[[ Records for this task, beginning ]]

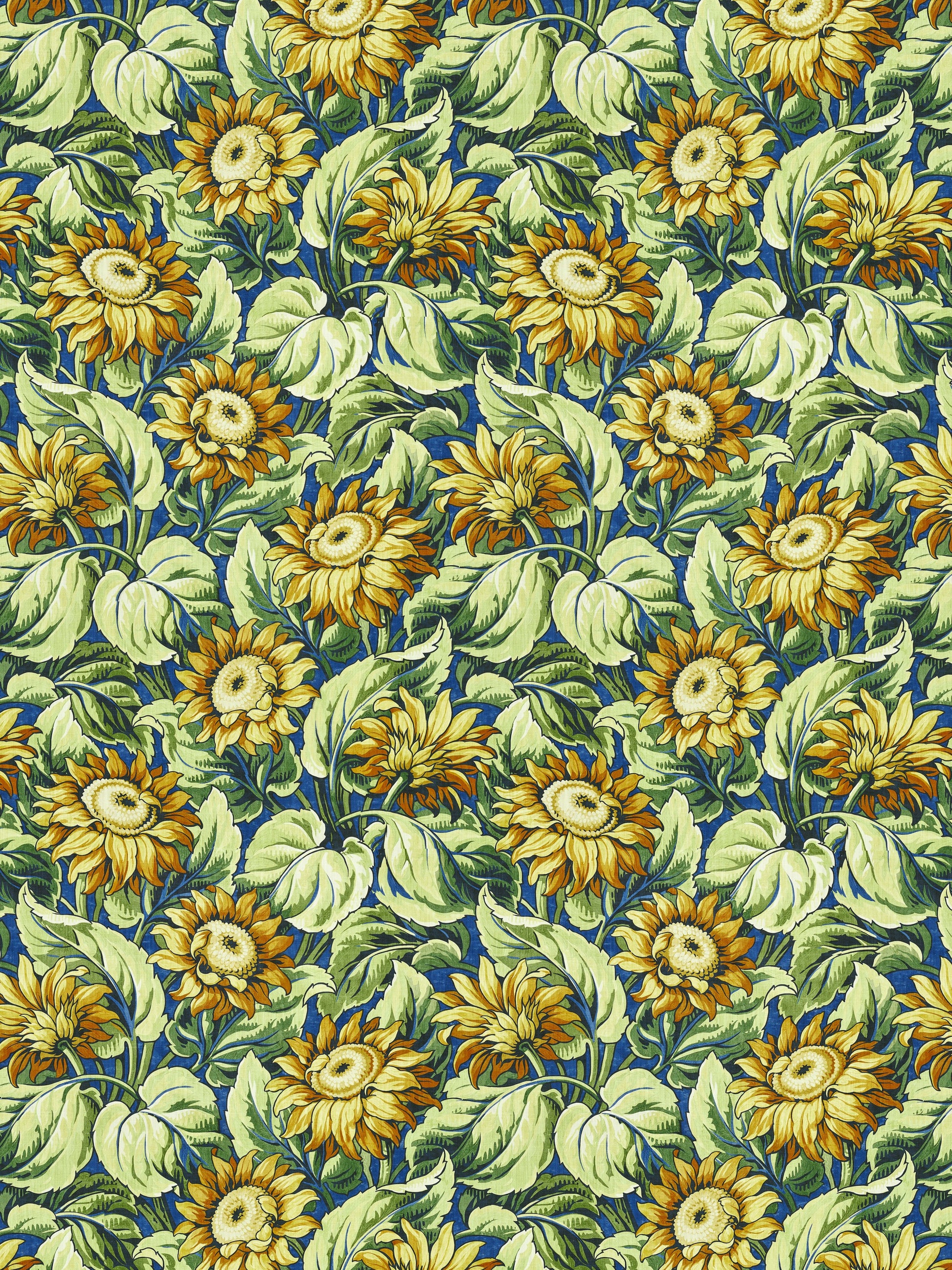 SCALAMANDRE SUNFLOWER PRINT FABRIC COBALT - GW 000216631 NEW SKU # GW166310002
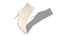 Cream calf leather round toe ankle boot featuring side zip closure and stiletto high heel. Upper: 100% calf leather. Sole: 100% calf leather. Lining: 100% kid leather. Heel measures 90mm. Italian sizing. Made in Italy. Product ID: 319-1187-0003
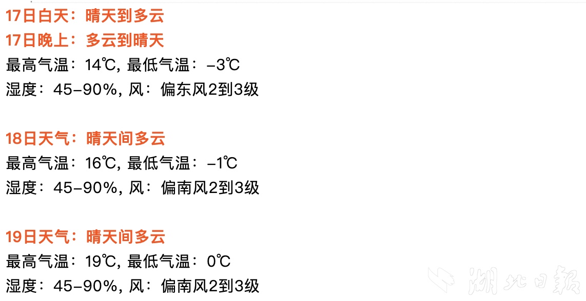 昨天武汉市艳阳高照,最高气温大部地区12℃~15℃,最低气温中心城区2℃~4℃、其他大部-3℃~1℃。今天是“四九”第一天,早晨武汉市晴朗开场,最低气温中心城区1℃~4℃,其他大部-5~0℃。
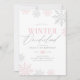 Vänner och familj i inbjudan till din lilla födelsedagsfest med denna inbjudan till "Winter Onederland", som handlar om rosa och silver snöflingor.
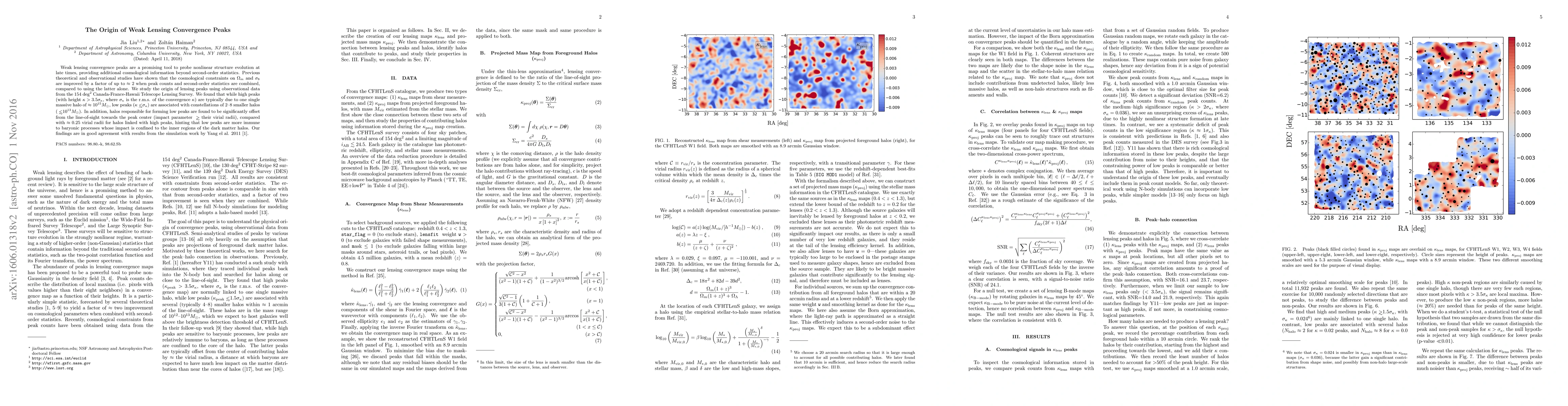 Weak lensing convergence peaks are a promising tool to probe nonlinear structure evolution at late times, providing additional cosmological information beyond second-order statistics. Previous theoretical and observational studies have shown that the cosmological constraints on $\Omega_m$ and $\sigma_8$ are improved by a factor of up to ~ 2 when peak counts and second-order statistics are combined, compared to using the latter alone. We study the origin of lensing peaks using observational data from the 154 deg$^2$ Canada-France-Hawaii Telescope Lensing Survey. We found that while high peaks (with height $\kappa$ >3.5 $\sigma_\kappa$, where $\sigma_\kappa$ is the r.m.s. of the convergence $\kappa$) are typically due to one single massive halo of ~$10^{15}M_\odot$, low peaks ($\kappa$ <~ $\sigma_\kappa$) are associated with constellations of 2-8 smaller halos (<~$10^{13}M_\odot$). In addition, halos responsible for forming low peaks are found to be significantly offset from the line-of-sight towards the peak center (impact parameter >~ their virial radii), compared with ~0.25 virial radii for halos linked with high peaks, hinting that low peaks are more immune to baryonic processes whose impact is confined to the inner regions of the dark matter halos. Our findings are in good agreement with results from the simulation work by Yang el al. (2011).
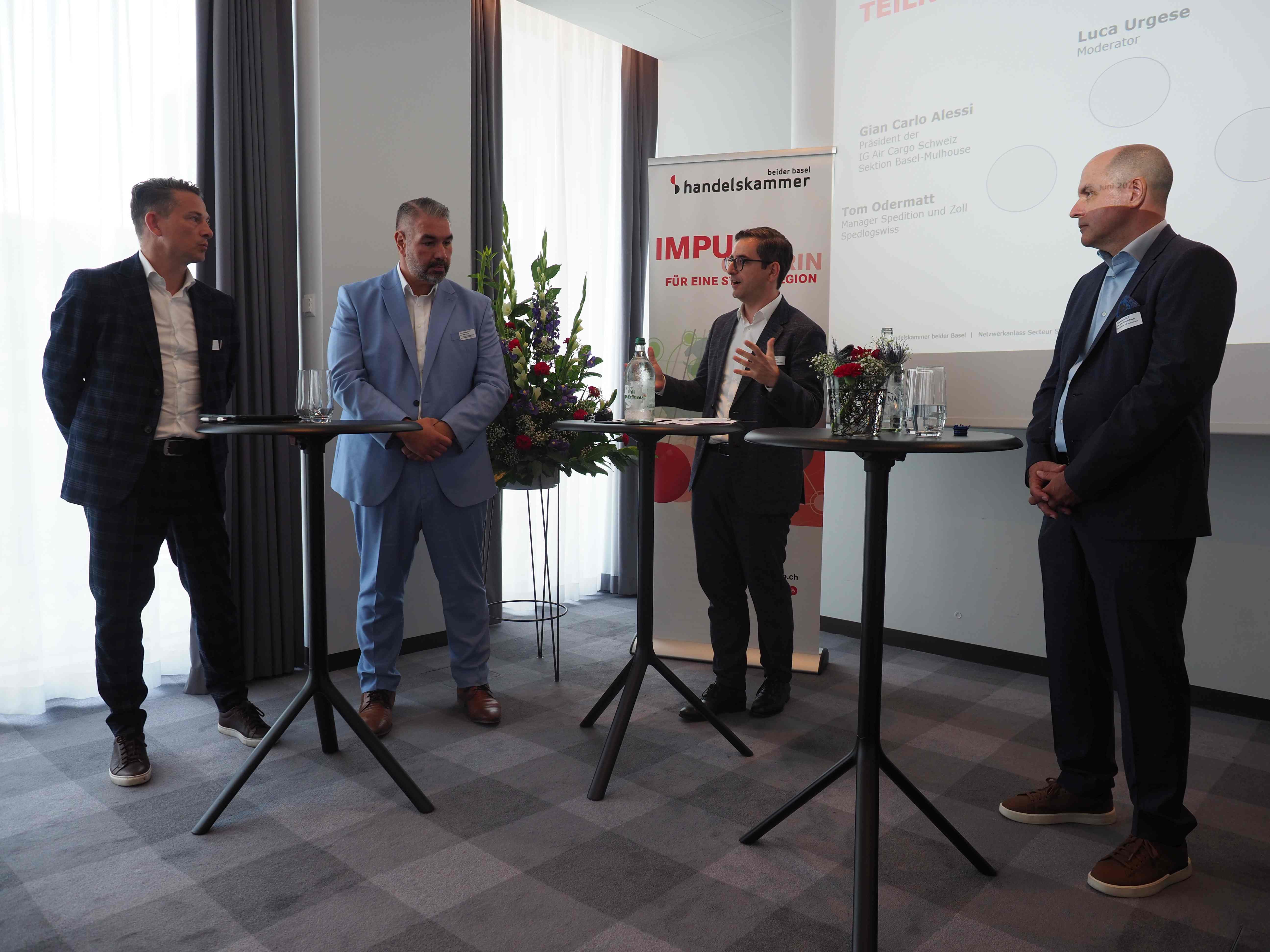In der anschliessenden Podiumsdiskussion unter der Leitung von Luca Urgese, Geschäftsführer der Koordinationsplattform, bestätigte sich, dass der Flughafen gut aufgestellt ist. Die logistischen Abläufe seien besser organisiert als beispielsweise in Zürich, führte Tom Odermatt, Manager von Spedlogswiss aus. Dies sei ein Standortvorteil. Es gibt aber durchaus Herausforderungen, wie beispielsweise der Arbeitskräftemangel. Dank der Lage des Flughafens, können auch Arbeitskräfte aus dem Elsass rekrutiert werden, was ein Vorteil ist, so Odermatt. Ein Nachteil sei jedoch die Rechtsunsicherheit beim anwendbaren Arbeitsrecht. Deshalb drängen die ansässigen Unternehmen nun seit einiger Zeit auf eine nachhaltige Lösung.
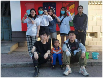 学生为湾里社区绘制建党百年社区墙体宣传画
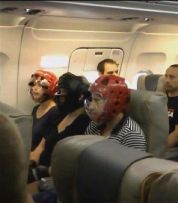 Cụ thể, loạt ảnh được cho là phát tán từ trang Weibo cá nhân của một cư dân mạng Đại lục. Anh này viết: “Hành khách trên chuyến bay của United Airlines ngày hôm nay”. Theo đó, trên chuyến bay, đa số các vị khách ai nấy đều đội mũ bảo hiểm có cả kính bảo vệ che kín gương mặt. Trong khi đó, những hành khách không có mũ để lộ gương mặt căng thẳng đầy sợ hãi.
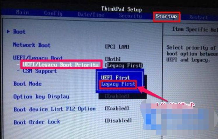 4,然后再選擇Startup(啟動項)這一項,先在里面選擇UEFI/Legacy Boot這一項,其中文之意是“新式UEFI與傳統啟動方法”,現在里面顯示的是"UEFI Only(單一UEFI模式)",我們要選擇兼容模式,也就是要兼容傳統BIOS模式,所以按Enter進入,選擇Both這項,按Enter確定。
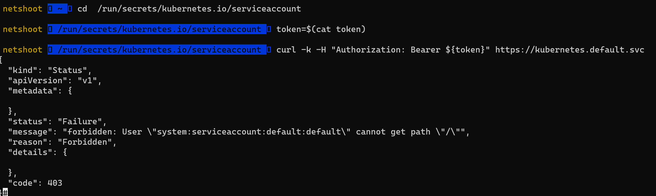 curl 명령어로 kube api server에 요청을 날립니다. default serviceaccount은 아무 권한도 없기 때문에 forbidden응답을 받습니다.
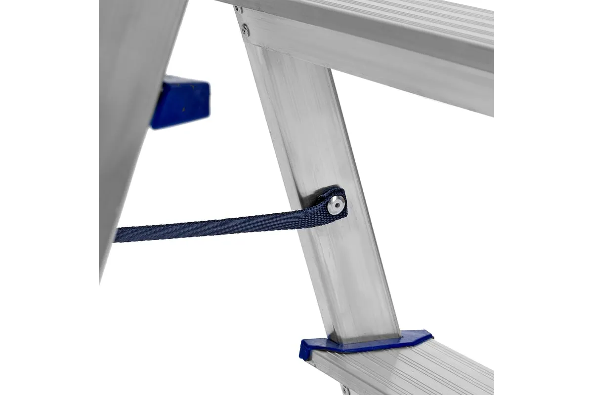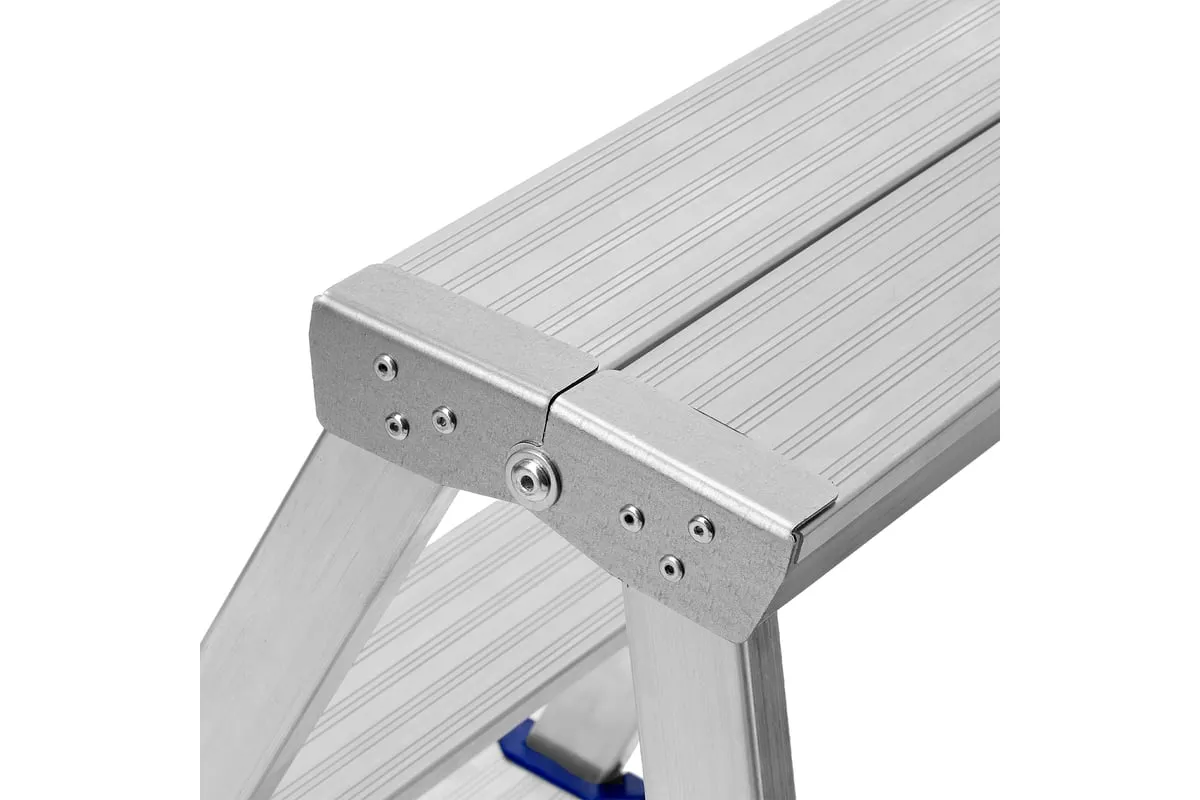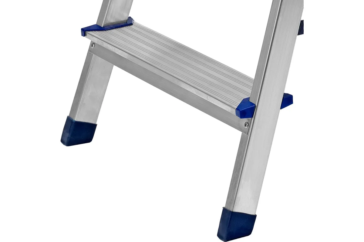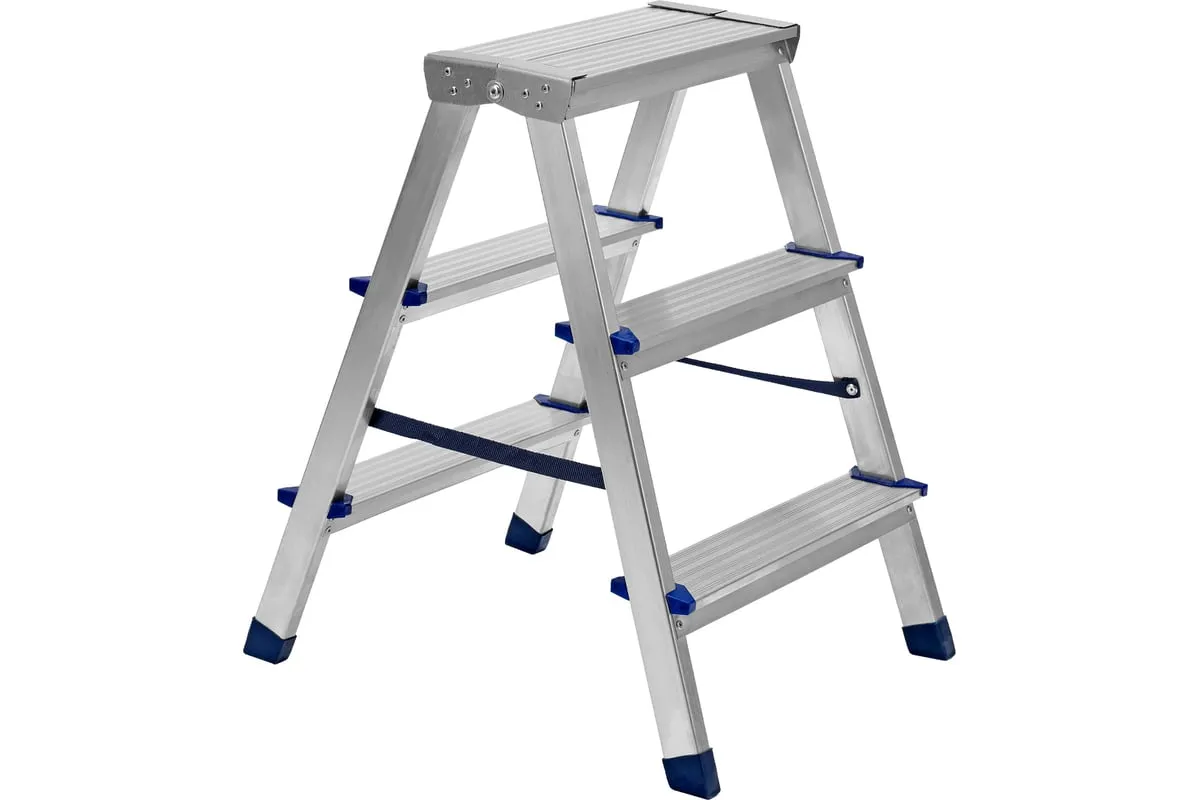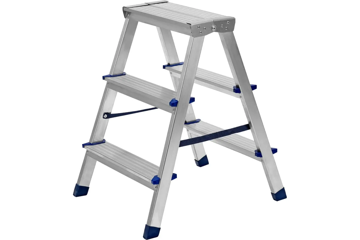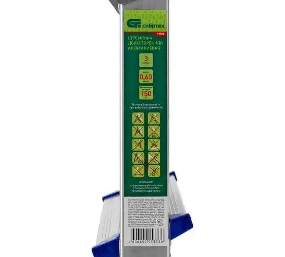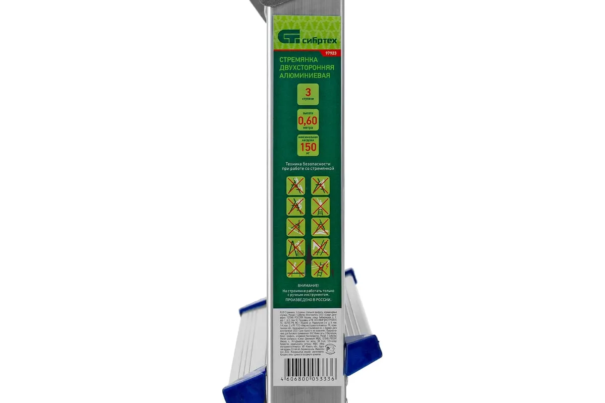 Алюминиевая двусторонняя стремянка СИБРТЕХ 3 ступени 97923 широко используется в частных домах и квартирах. Имеет широкие рифленые ступени для безопасного подъёма и спуска. При изготовлении использовался прессованный алюминиевый профиль. Этогарантирует изделию коррозионную стойкость и прочность. Изделие оснащено пластиковыми наконечниками, которыеисключают скольжения по поверхности и не повреждают покрытие пола.
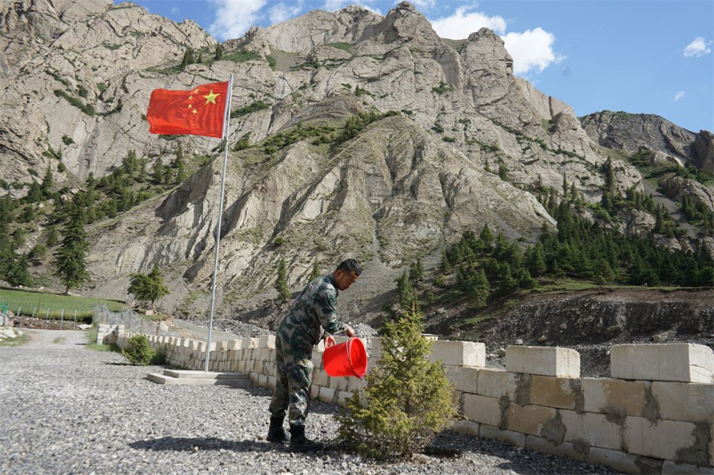 清晨的第一縷陽光透過云層給天山托木爾峰罩上一層朦朧的輕紗,四級軍士長劉強在英沿前哨里像往常一樣開始給營區(qū)的云杉澆水。

[[ Records for this task, end ]]

• [What you need to do]:
When you write out the data, keep every line exact and drop the pictures.

• [Response box]:
 SCALAMANDRE SUNFLOWER PRINT FABRIC COBALT - GW 000216631 NEW SKU # GW166310002
 Cream calf leather round toe ankle boot featuring side zip closure and stiletto high heel. Upper: 100% calf leather. Sole: 100% calf leather. Lining: 100% kid leather. Heel measures 90mm. Italian sizing. Made in Italy. Product ID: 319-1187-0003
 昨天武汉市艳阳高照,最高气温大部地区12℃~15℃,最低气温中心城区2℃~4℃、其他大部-3℃~1℃。今天是“四九”第一天,早晨武汉市晴朗开场,最低气温中心城区1℃~4℃,其他大部-5~0℃。
 Vänner och familj i inbjudan till din lilla födelsedagsfest med denna inbjudan till "Winter Onederland", som handlar om rosa och silver snöflingor.
 Weak lensing convergence peaks are a promising tool to probe nonlinear structure evolution at late times, providing additional cosmological information beyond second-order statistics. Previous theoretical and observational studies have shown that the cosmological constraints on $\Omega_m$ and $\sigma_8$ are improved by a factor of up to ~ 2 when peak counts and second-order statistics are combined, compared to using the latter alone. We study the origin of lensing peaks using observational data from the 154 deg$^2$ Canada-France-Hawaii Telescope Lensing Survey. We found that while high peaks (with height $\kappa$ >3.5 $\sigma_\kappa$, where $\sigma_\kappa$ is the r.m.s. of the convergence $\kappa$) are typically due to one single massive halo of ~$10^{15}M_\odot$, low peaks ($\kappa$ <~ $\sigma_\kappa$) are associated with constellations of 2-8 smaller halos (<~$10^{13}M_\odot$). In addition, halos responsible for forming low peaks are found to be significantly offset from the line-of-sight towards the peak center (impact parameter >~ their virial radii), compared with ~0.25 virial radii for halos linked with high peaks, hinting that low peaks are more immune to baryonic processes whose impact is confined to the inner regions of the dark matter halos. Our findings are in good agreement with results from the simulation work by Yang el al. (2011).
In der anschliessenden Podiumsdiskussion unter der Leitung von Luca Urgese, Geschäftsführer der Koordinationsplattform, bestätigte sich, dass der Flughafen gut aufgestellt ist. Die logistischen Abläufe seien besser organisiert als beispielsweise in Zürich, führte Tom Odermatt, Manager von Spedlogswiss aus. Dies sei ein Standortvorteil. Es gibt aber durchaus Herausforderungen, wie beispielsweise der Arbeitskräftemangel. Dank der Lage des Flughafens, können auch Arbeitskräfte aus dem Elsass rekrutiert werden, was ein Vorteil ist, so Odermatt. Ein Nachteil sei jedoch die Rechtsunsicherheit beim anwendbaren Arbeitsrecht. Deshalb drängen die ansässigen Unternehmen nun seit einiger Zeit auf eine nachhaltige Lösung.
 学生为湾里社区绘制建党百年社区墙体宣传画
 Cụ thể, loạt ảnh được cho là phát tán từ trang Weibo cá nhân của một cư dân mạng Đại lục. Anh này viết: “Hành khách trên chuyến bay của United Airlines ngày hôm nay”. Theo đó, trên chuyến bay, đa số các vị khách ai nấy đều đội mũ bảo hiểm có cả kính bảo vệ che kín gương mặt. Trong khi đó, những hành khách không có mũ để lộ gương mặt căng thẳng đầy sợ hãi.
 4,然后再選擇Startup(啟動項)這一項,先在里面選擇UEFI/Legacy Boot這一項,其中文之意是“新式UEFI與傳統啟動方法”,現在里面顯示的是"UEFI Only(單一UEFI模式)",我們要選擇兼容模式,也就是要兼容傳統BIOS模式,所以按Enter進入,選擇Both這項,按Enter確定。
 curl 명령어로 kube api server에 요청을 날립니다. default serviceaccount은 아무 권한도 없기 때문에 forbidden응답을 받습니다.
 Алюминиевая двусторонняя стремянка СИБРТЕХ 3 ступени 97923 широко используется в частных домах и квартирах. Имеет широкие рифленые ступени для безопасного подъёма и спуска. При изготовлении использовался прессованный алюминиевый профиль. Этогарантирует изделию коррозионную стойкость и прочность. Изделие оснащено пластиковыми наконечниками, которыеисключают скольжения по поверхности и не повреждают покрытие пола.
 清晨的第一縷陽光透過云層給天山托木爾峰罩上一層朦朧的輕紗,四級軍士長劉強在英沿前哨里像往常一樣開始給營區(qū)的云杉澆水。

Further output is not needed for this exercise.